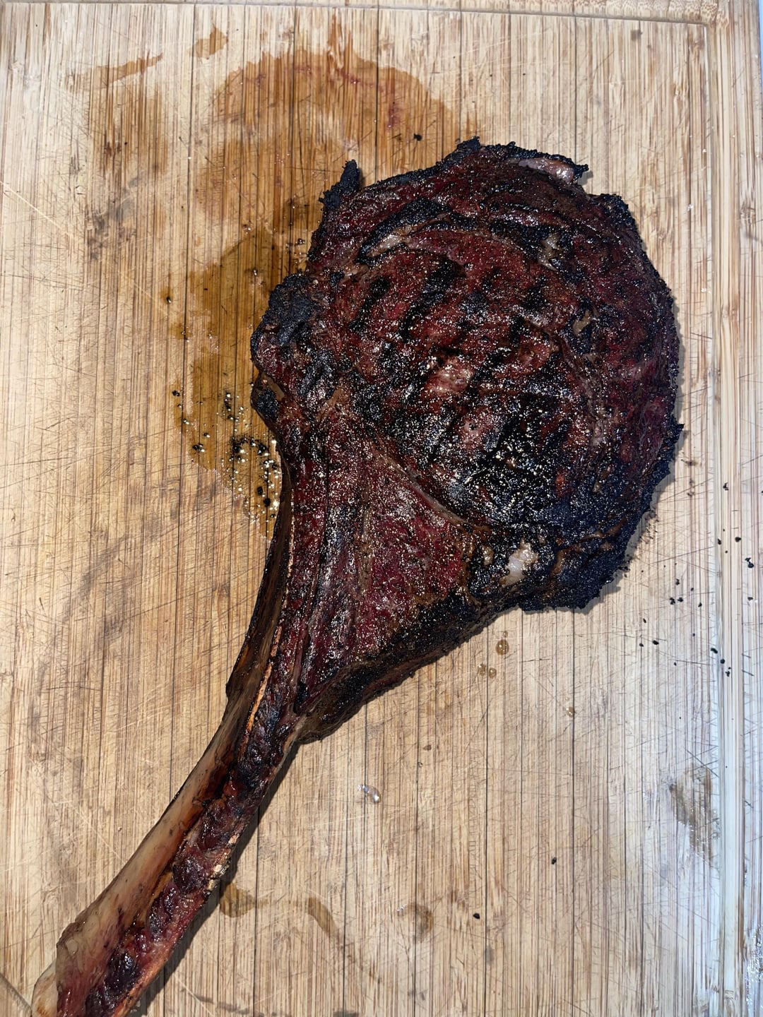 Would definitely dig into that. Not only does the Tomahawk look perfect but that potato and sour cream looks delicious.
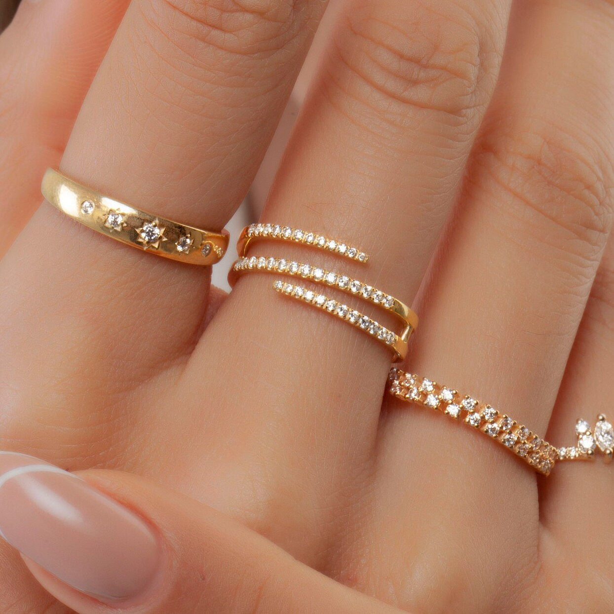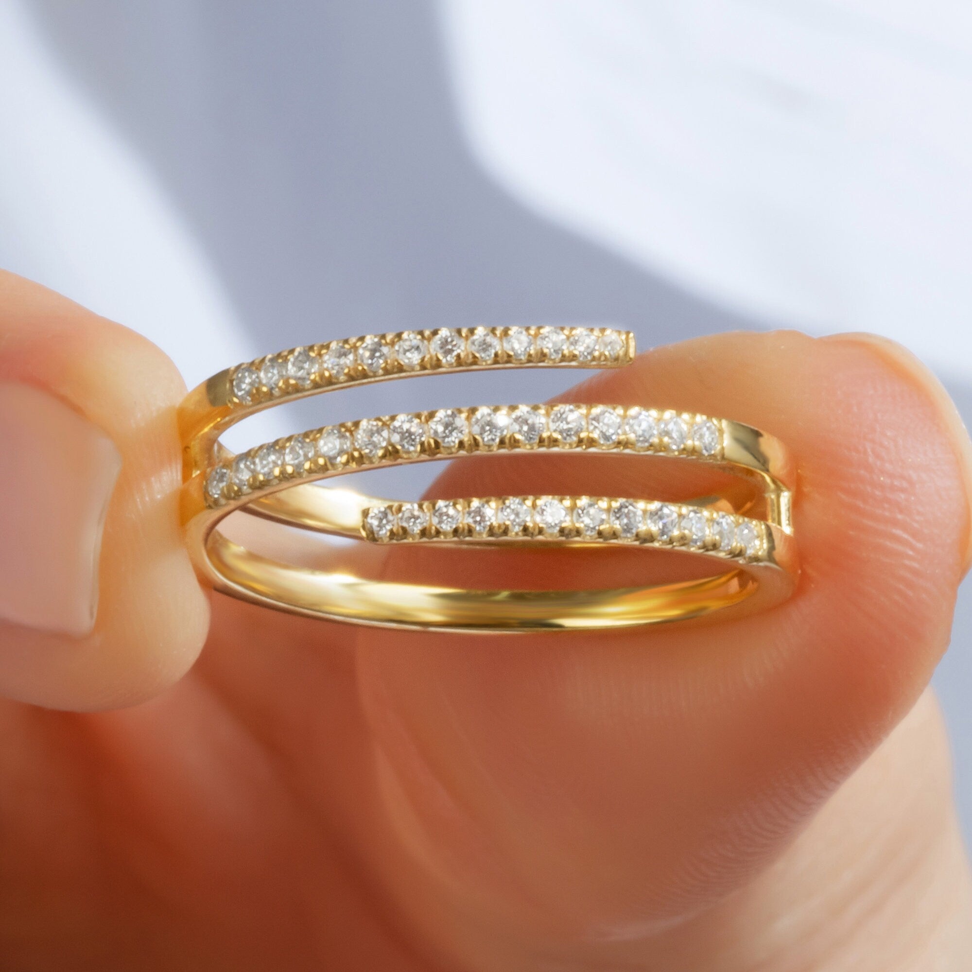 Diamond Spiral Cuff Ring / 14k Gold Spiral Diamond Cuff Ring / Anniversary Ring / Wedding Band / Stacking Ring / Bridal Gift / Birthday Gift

--

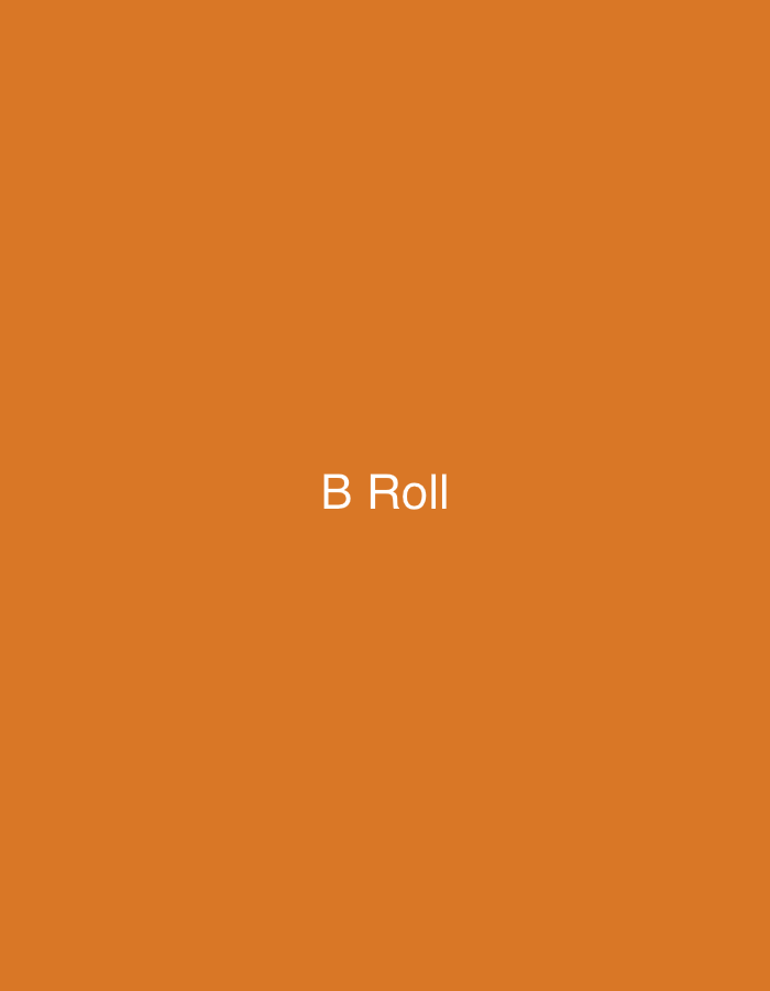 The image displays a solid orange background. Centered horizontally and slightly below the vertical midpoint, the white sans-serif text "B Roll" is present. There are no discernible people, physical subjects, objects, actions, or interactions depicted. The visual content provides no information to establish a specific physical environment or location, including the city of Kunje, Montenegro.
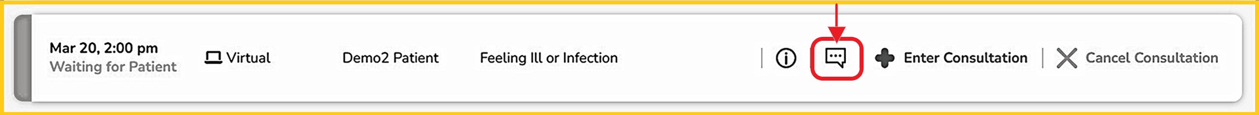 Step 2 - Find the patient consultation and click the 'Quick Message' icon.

→ TASK DETAILS: Using the data above, retype exactly the lines from the line with "Would definitely dig" to the line with "Diamond Spiral Cuff", inclusive. No pictures and nothing else.

→ RESPONSE:
 Would definitely dig into that. Not only does the Tomahawk look perfect but that potato and sour cream looks delicious.
 Diamond Spiral Cuff Ring / 14k Gold Spiral Diamond Cuff Ring / Anniversary Ring / Wedding Band / Stacking Ring / Bridal Gift / Birthday Gift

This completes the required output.